__Data shown__.
[Start of section]
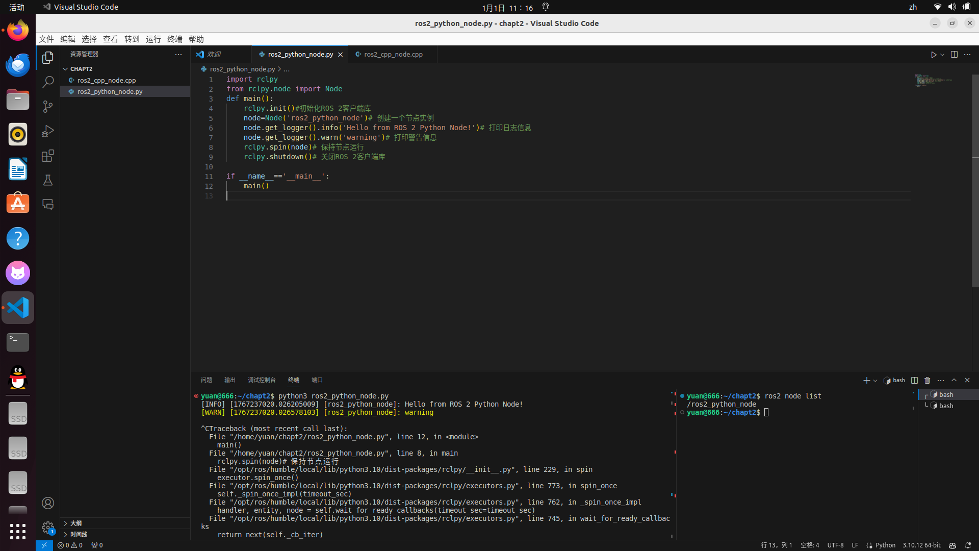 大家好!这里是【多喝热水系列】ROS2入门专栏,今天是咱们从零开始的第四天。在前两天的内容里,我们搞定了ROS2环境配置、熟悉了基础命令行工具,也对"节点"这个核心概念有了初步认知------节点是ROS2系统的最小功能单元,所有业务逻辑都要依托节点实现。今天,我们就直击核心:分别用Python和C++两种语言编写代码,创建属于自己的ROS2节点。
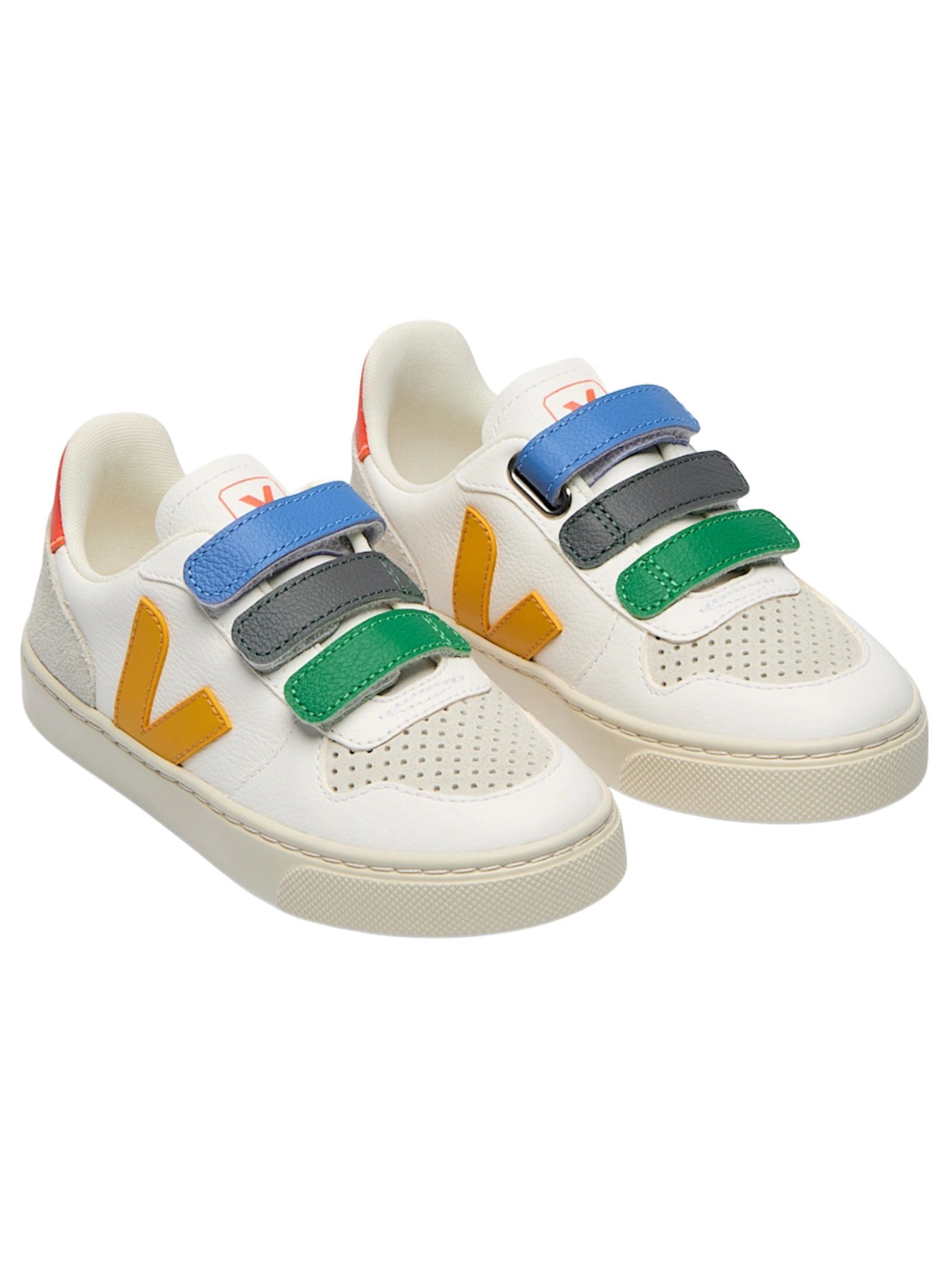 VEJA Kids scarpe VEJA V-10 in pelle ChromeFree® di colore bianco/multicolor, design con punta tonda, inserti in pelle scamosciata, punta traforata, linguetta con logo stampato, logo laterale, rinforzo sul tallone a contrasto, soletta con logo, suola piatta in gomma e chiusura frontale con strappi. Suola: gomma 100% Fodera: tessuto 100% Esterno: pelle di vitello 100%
[End of section]
[Start of section]
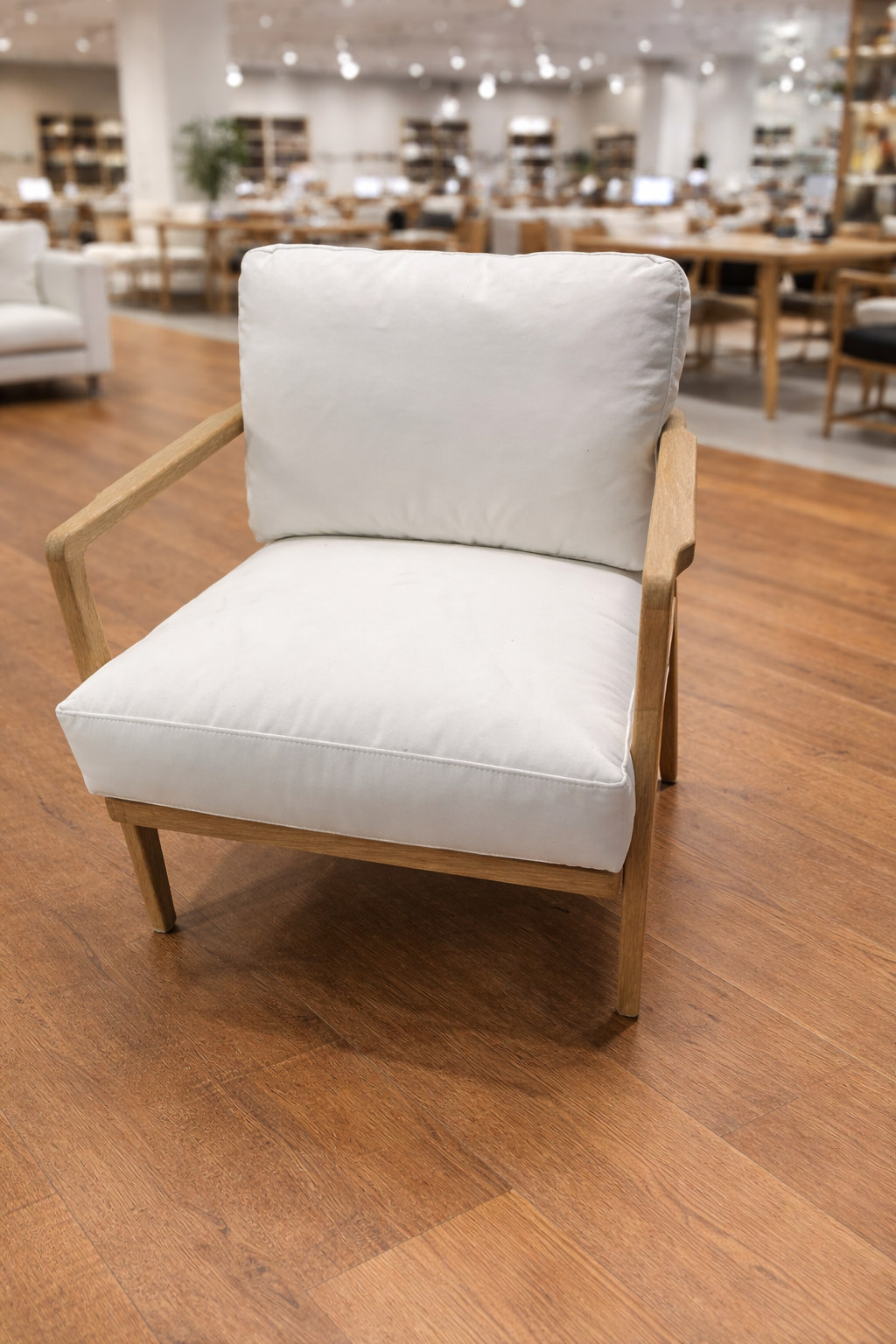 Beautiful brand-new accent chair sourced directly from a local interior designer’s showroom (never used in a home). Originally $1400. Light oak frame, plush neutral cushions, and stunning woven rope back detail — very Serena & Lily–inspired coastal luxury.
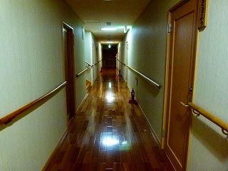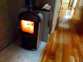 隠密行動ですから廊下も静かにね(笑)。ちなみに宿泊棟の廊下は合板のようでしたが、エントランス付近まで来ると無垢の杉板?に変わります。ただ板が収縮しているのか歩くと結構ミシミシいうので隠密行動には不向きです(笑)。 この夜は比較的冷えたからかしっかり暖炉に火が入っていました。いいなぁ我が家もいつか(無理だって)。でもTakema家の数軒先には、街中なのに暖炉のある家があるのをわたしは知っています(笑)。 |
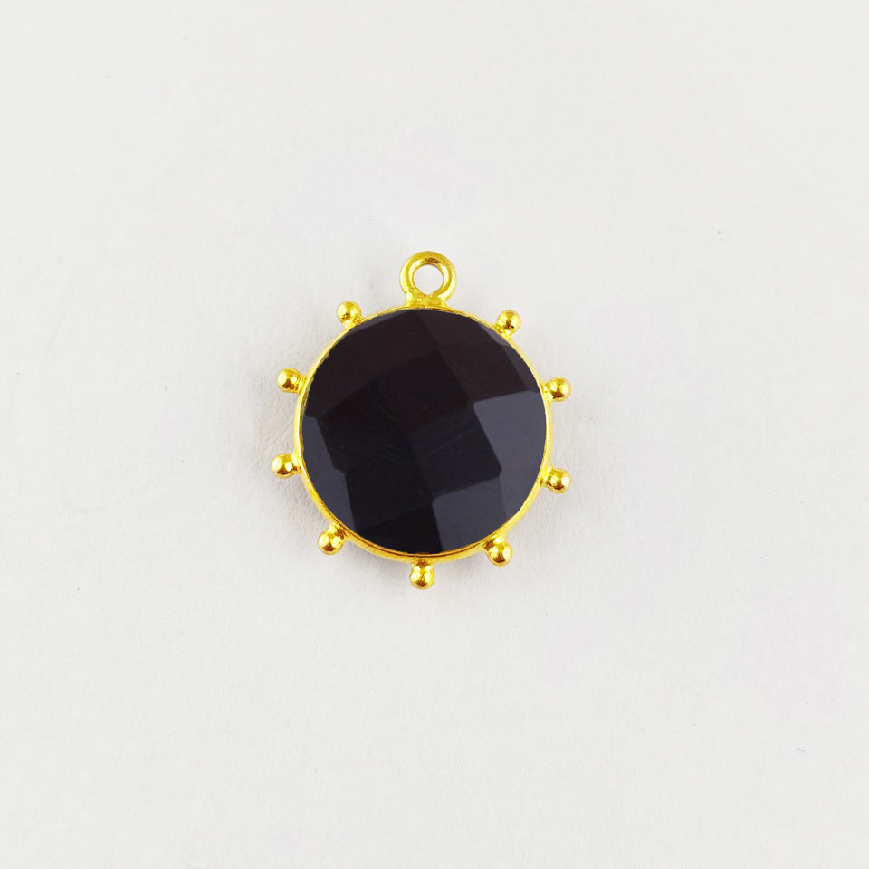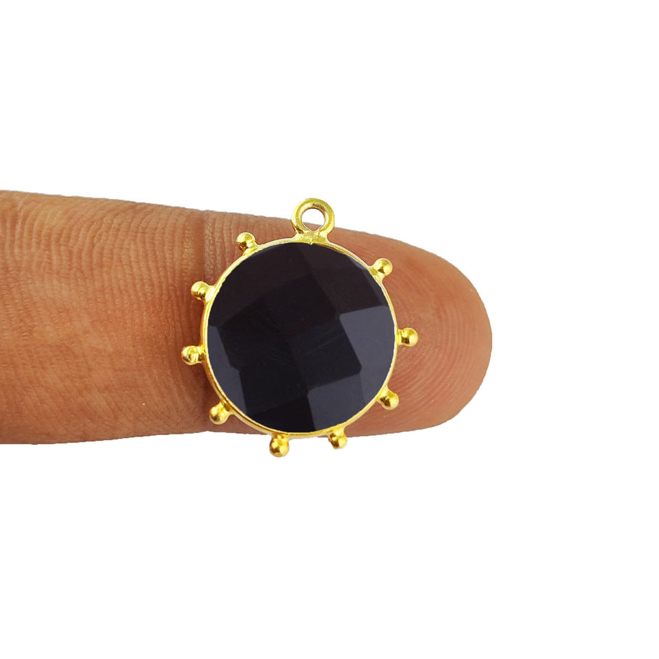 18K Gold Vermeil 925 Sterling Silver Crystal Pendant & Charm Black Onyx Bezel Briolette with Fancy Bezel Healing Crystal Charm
[End of section]
[Start of section]
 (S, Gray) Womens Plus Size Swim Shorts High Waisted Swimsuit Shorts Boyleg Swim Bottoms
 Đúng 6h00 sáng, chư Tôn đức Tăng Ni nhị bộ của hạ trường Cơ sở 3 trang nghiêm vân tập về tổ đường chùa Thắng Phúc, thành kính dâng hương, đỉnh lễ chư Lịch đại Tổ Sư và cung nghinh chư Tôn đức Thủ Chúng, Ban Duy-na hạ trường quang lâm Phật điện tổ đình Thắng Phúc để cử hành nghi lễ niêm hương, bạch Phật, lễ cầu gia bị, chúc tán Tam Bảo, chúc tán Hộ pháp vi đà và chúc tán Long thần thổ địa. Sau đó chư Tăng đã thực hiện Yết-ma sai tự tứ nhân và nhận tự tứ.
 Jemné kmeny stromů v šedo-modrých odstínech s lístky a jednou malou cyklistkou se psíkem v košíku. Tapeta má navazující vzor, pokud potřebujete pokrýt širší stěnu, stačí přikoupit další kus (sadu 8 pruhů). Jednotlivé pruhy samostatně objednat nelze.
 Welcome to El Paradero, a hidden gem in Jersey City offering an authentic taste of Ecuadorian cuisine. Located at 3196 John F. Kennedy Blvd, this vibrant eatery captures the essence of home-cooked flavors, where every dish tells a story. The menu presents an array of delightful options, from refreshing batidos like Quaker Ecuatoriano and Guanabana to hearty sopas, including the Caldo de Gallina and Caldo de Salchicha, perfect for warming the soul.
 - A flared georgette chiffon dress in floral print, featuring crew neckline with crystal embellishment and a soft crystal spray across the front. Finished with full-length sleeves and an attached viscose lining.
[End of section]
__Problem__.
Output exactly the lines of the material above from the one containing "Welcome to El" up to and including the one containing "- A flared georgette".

__Written solution__.
 Welcome to El Paradero, a hidden gem in Jersey City offering an authentic taste of Ecuadorian cuisine. Located at 3196 John F. Kennedy Blvd, this vibrant eatery captures the essence of home-cooked flavors, where every dish tells a story. The menu presents an array of delightful options, from refreshing batidos like Quaker Ecuatoriano and Guanabana to hearty sopas, including the Caldo de Gallina and Caldo de Salchicha, perfect for warming the soul.
 - A flared georgette chiffon dress in floral print, featuring crew neckline with crystal embellishment and a soft crystal spray across the front. Finished with full-length sleeves and an attached viscose lining.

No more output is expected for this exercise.